Add RAMPART to your PR pipeline. Install RAMPART alongside your existing pytest suite and configure it to run on every PR that touches agent code, system prompts, or tool definitions. Use lower statistical trial counts (5–10 runs) for speed; reserve higher counts (50+) for release candidates.
Establish a baseline before model swaps. Before upgrading your agent to a new LLM version, run your full RAMPART suite to establish a behavioral baseline. Run it again after the upgrade and diff the results. This catches safety regressions that functional tests won't surface.
Use Clarity alongside RAMPART. Microsoft also released Clarity, a companion tool for visualizing and auditing agent decision flows. Using both together gives you both automated test coverage (RAMPART) and human-readable audit trails (Clarity) — the combination regulators and compliance teams increasingly expect.

Tools/frameworks to watch

RAMPART — github.com/microsoft/RAMPART | pytest-native, open-source, built on PyRIT. The primary tool discussed here.
Clarity — Microsoft's companion visual audit tool for agent decision flows, released alongside RAMPART.
PyRIT — Microsoft's lower-level red-teaming automation library that RAMPART builds on; useful for custom adversarial scenarios beyond RAMPART's built-in coverage.
jcode — A separate open-source framework (trending on GitHub in May 2026) specifically designed for evaluating code-generating AI agents, complementary to RAMPART for engineering-focused agent testing.
Playwright MCP — For agents with browser automation capabilities, Playwright MCP provides the execution layer that RAMPART tests can drive for E2E agent behavior validation.
Giskard — An open-source ML testing library with growing support for LLM evaluation; useful for teams that want evals and safety testing in one framework before fully committing to RAMPART.

Conclusion

The industry has spent the last two years figuring out how to build AI agents. The next two years will be about figuring out how to test them rigorously enough to trust them in production. RAMPART is the clearest signal yet that the tooling is catching up to the deployment reality.

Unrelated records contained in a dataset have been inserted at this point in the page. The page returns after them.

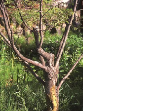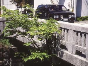 小沢川にかかる、明十橋の橋脚に生きているケヤキに気づいたのは15年ほど前です。水も得られず、土もなく、養分もない橋脚と橋桁のすきまに芽をだして、よくも生きていられるものだと、ケヤキの強い生命力と不遇さに心を寄せていました。ケヤキは2本ありました。そのうちの1本はまもなく枯れ、残る1本も何度か枝を落としたり、日照りの夏に葉を枯らしながらもなんとか生きていました。明十橋を車で通るたびに、まだ大丈夫、元気に健気に懸命に生きているのだと、ケヤキへの思いはますます大きく強くなっていきました。その明十橋が架け替えのために取り壊わされることになりました。平成13年のことです。切られて捨てられてはいけないと思い、伊那市役所に行くと、橋は長野県伊那建設事務所の管轄だといわれ、さっそくケヤキをもらい受けるための払下げ申請をしました。担当者と建設業者の計らいで無事に橋から離れ、明十橋の橋脚に生えてしまったケヤキは、我が家の小さな畑の土に根を張ることになりました。しばらくは養生して、元気になったら、いずれは生まれた小沢川の川辺のどこかに移してあげようと思いながら10年が経ってしまいました。ケヤキは幹回りが70センチメートル、高さが5m、そろそろ周囲の家に迷惑がかかりそうな大きさです。年々大きくなっていくケヤキに喜びながらも、これ以上になると移植できなくなる不安と思いは複雑です。そろそろ明十橋のケヤキの移転先を探さなければと家族ともども思案中なのです。
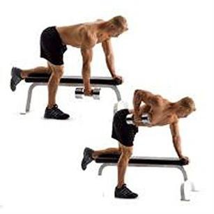 單手啞鈴劃船,可以使用平凳輔助,保持身體穩(wěn)定,單膝跪在凳子上和一側(cè)手臂支撐,另一手持啞鈴,吸氣伸展放下充分拉伸背部,呼氣發(fā)力拉起啞鈴,手臂盡量貼住身體,將啞鈴拉至肋下。
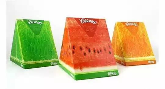 果汁的包装,直接设计成水果的截面,用天然的颜色让人产生食欲。
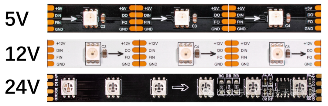 电压:DC 5V/12V/24V(5V压降过大适合使用量少的项目,12V一般是5米无压降适合中大型项目,24V更适长距离、大功率项目)。
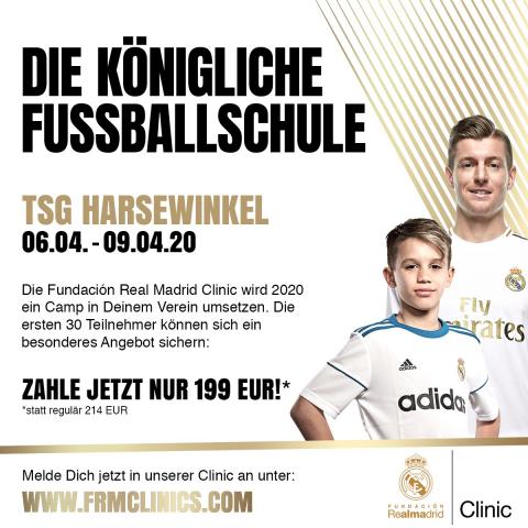 Vom 6. bis 9. April 2020 findet im Moddenbachtalstadion das “Fußballcamp der Königlichen” statt, eine Fußballschule der Fundación Real Madrid Clinic in Kooperation mit der TSG Harsewinkel. Das viertägige Camp für 7 bis 16-jährige Mädchen und Jungen besteht aus zwei Trainingseinheiten pro Tag plus tägliches Warm Up und Mittagessen.
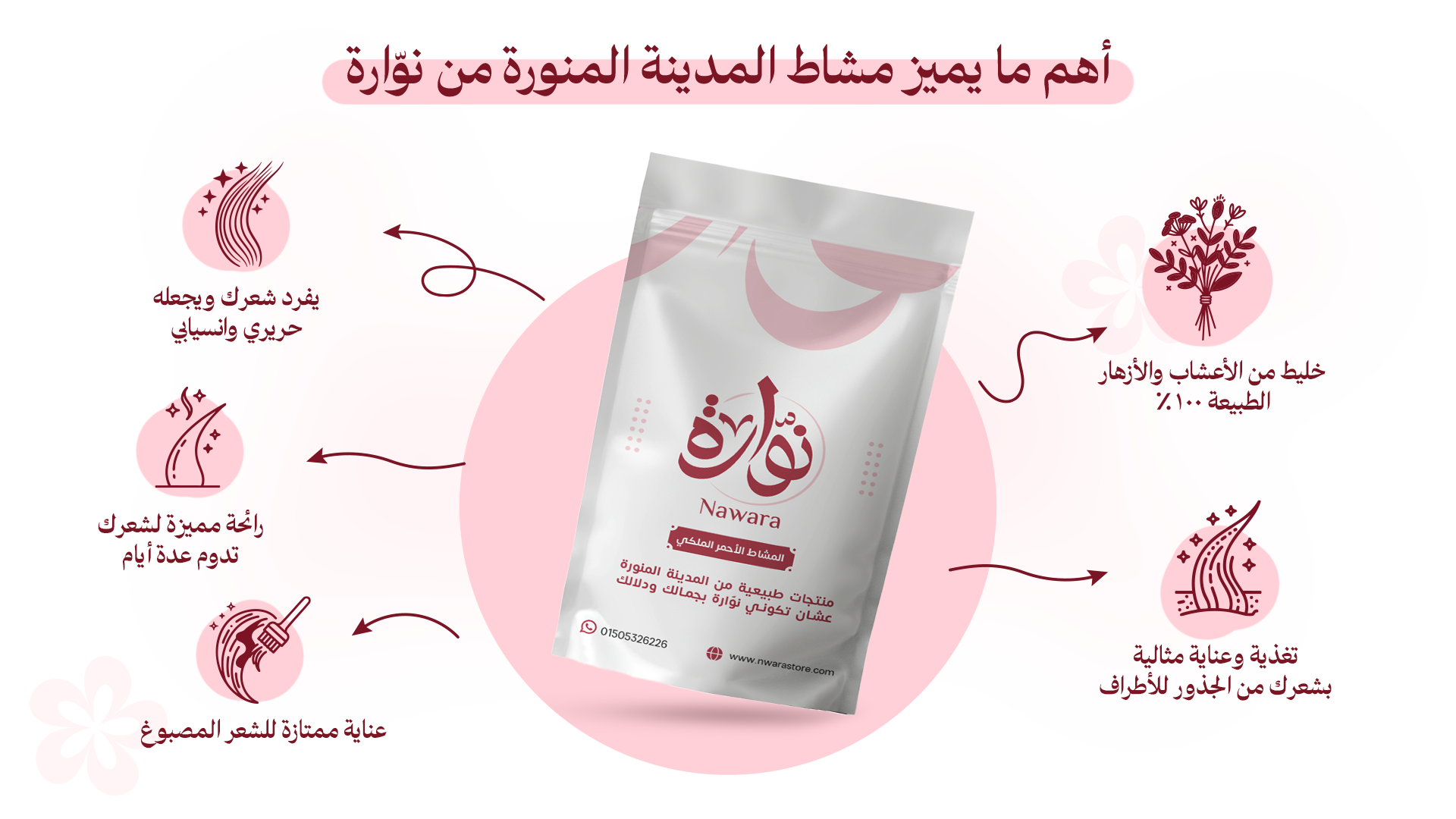 المشاط الأحمر الملكي من نوارة 200 جم؛ خليط أعشاب من المدينة المنورة (ورد، كركديه، لافندر، إكليل الجبل). يقوي الشعر، يرطّبه، ينقّي فروة الرأس ويمنح رائحة تدوم.

For QA engineers, the message is straightforward: the skills you already have — writing pytest tests, building CI pipelines, thinking in terms of coverage and regressions — transfer directly to AI agent testing. The domain is new; the craft isn't.

If you're shipping an agent and you don't have a RAMPART suite (or equivalent) in your CI pipeline, you have a gap. Now you have no excuse not to close it.